There's nothing quite frustrating like an email in your inbox from a company that wants you to promote their brand on your blog to your audience for free. I know because I have been there, done that and wrote the book, along with many of my blogger friends. Though some people get irate about these emails and couldn't possibly fathom why a brand wouldn't pay them, I know what some brands are going through and why this would happen. So, to add clarity to the situation about why some companies don't pay bloggers and influencers, I outlined a few of those reasons below.

1) Brands don't value or understand the power of an influencer. Some brands genuinely aren't aware of the influence that bloggers have with their audiences and how they can influence their profits/ROI/brand awareness. They might be more traditional and don't understand influencer partnerships or may not know how to track and measure the investment and results from partnering with bloggers.

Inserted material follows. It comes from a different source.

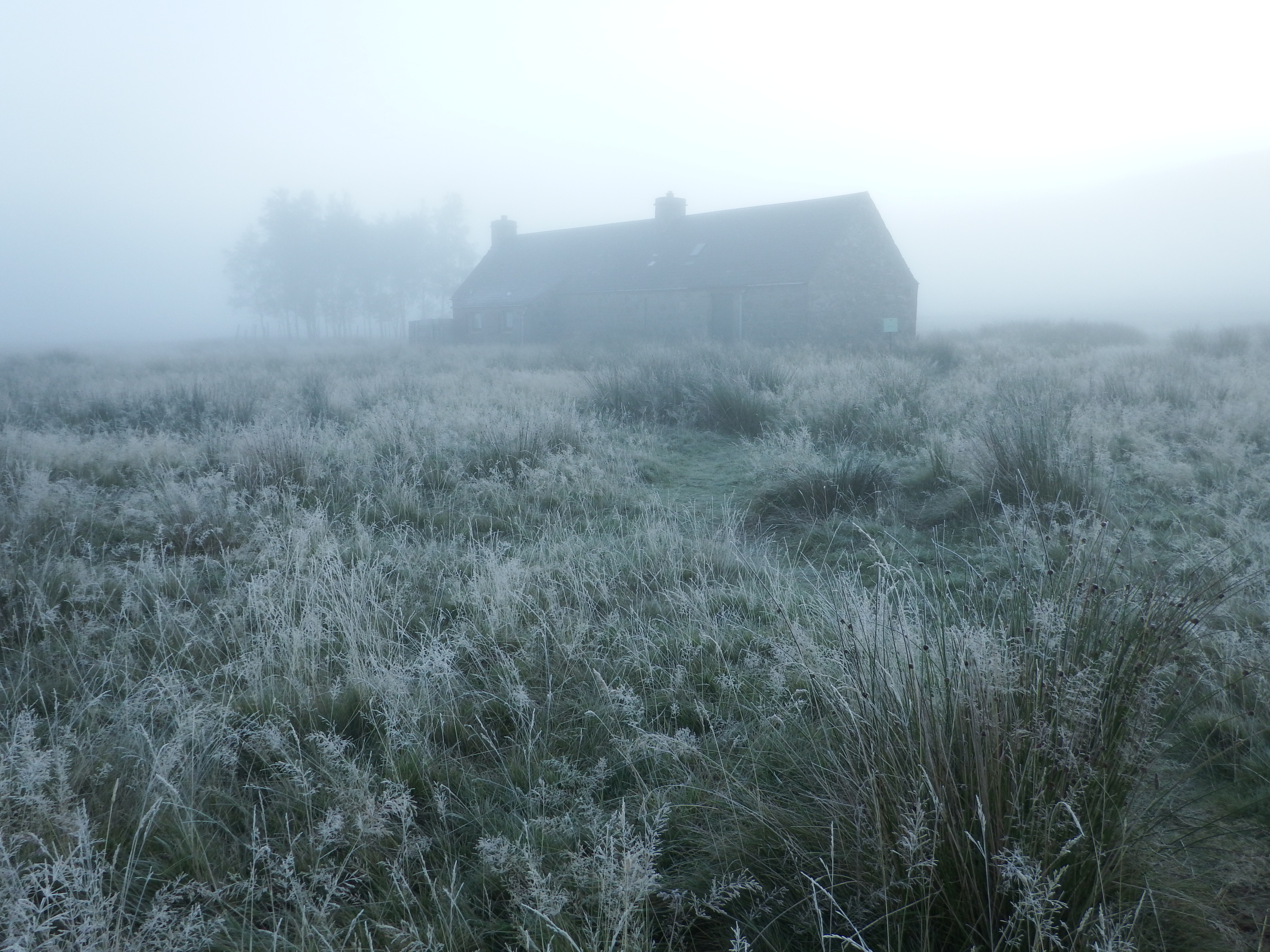 Rumours of deteriorating weather proved to be grossly unfounded as Saturday broke – it was cold, frosty and a thick mist enveloped the hut and the vegetation but there were clear signs that the sun would soon burn it all off. Bags packed, the group soon began the misty march to the layby where the cars were parked and they enthusiastically headed off to their destinations.

2) They believe product samples are enough for compensation. Some companies believe that if they send you product samples for a blog post or social media mention, you will acquiesce to the request. It's because they believe that since they are giving you product for free (which is money out of their pockets), they are compensating you for your work. But for bloggers who make this their livelihood, they can't pay their bills with cheese and crackers. 

3) Many bloggers end up doing this work for free. How excited do you get when a brand contacts you on its own volition to share news about their company? And then, once you realize that it's free, you think to yourself "well it's okay because my readers would appreciate it." Well, this action is hindering other bloggers from getting paid, because some brands become accustomed to getting their way with bloggers for free. I've been guilty of this in the past, but I'm confident that ceasing the act of "doing free work" is actually teaching brands that you deserve to be paid.

4) Some companies see bloggers as journalists. When I worked in PR full time, one of the main types of work I did was media relations. Media relations is all about developing and cultivating relationships with journalists, sharing newsworthy or helpful information about the brands you represent and pitching this to journalist *in hopes* that they cover your client in a story. There was nothing "paid" about traditional media relations. However, because some companies see bloggers as journalists, they figure that they can reach out to them, pitch them news about their brand and expect to see the same results.

5) They don't have the budget. I know this isn't a good excuse, but hear me out. They may not have a budget line item allocated to pay for influencers or they may have run out of funds for the fiscal or calendar year.